On The .NET Implementation of String.Equals

June 14, 2012

6 comments

Poking around in dotPeek, I came across the implementation of String.Equals(string) in the .NET framework. This is how it looks:

   1: [ReliabilityContract(Consistency.WillNotCorruptState, Cer.MayFail)]

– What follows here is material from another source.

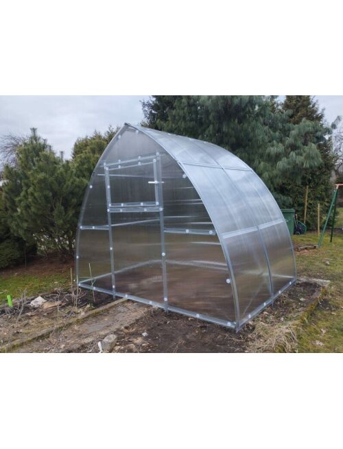 Īpašības: Platums 3 m Garums 2 m Augstums 24 m Karkass Cinkots metāls 1mm biezumā Profils Omega 56 mm plats Attālums starp arkām 099 m Skrūves M5 Pastiprinājuma profili arkām Jā Sniega slodze 240 kg/m2 Stiprināšana Katra arka rokās zemā 35cm dziļumā Polikarbonāta biezums 4mm 10 gadu garantija Polikarbonāta stiprināšana Skrūve plastmasas paplāksne D40mm Montāžas instrukcija Ir Durvis 1 gab Divviru Logs 2 gab Lūka ar automātisko atvērēju Atsevišķi pasūtot
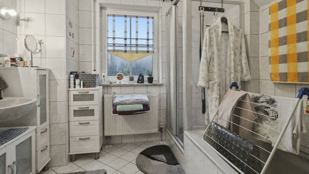 Aufgeteilt wird die Wohnfläche auf 2 Etagen und 4 Zimmer. Daneben umfasst der Grundriss des Objektes ein Badezimmer mit Dusche und Badewanne sowie ein Gäste-WC. In puncto Ausstattung wartet die Immobilie bspw. mit einer Einbauküche, einem Kaminofen sowie einem Glasfaseranschluss auf

   2:     [SecuritySafeCritical]

   3:     private static unsafe bool EqualsHelper(string strA, string strB)

   4:     {

   5:       int length = strA.Length;

   6:       if (length != strB.Length)

   7:         return false;

   8:       fixed (char* chPtr1 = &strA.m_firstChar)

   9:         fixed (char* chPtr2 = &strB.m_firstChar)

  10:         {

  11:           char* chPtr3 = chPtr1;

  12:           char* chPtr4 = chPtr2;

  13:           while (length >= 10 && (*(int*) chPtr3 == *(int*) chPtr4 && *(int*) (chPtr3 + 2) == *(int*) (chPtr4 + 2)) 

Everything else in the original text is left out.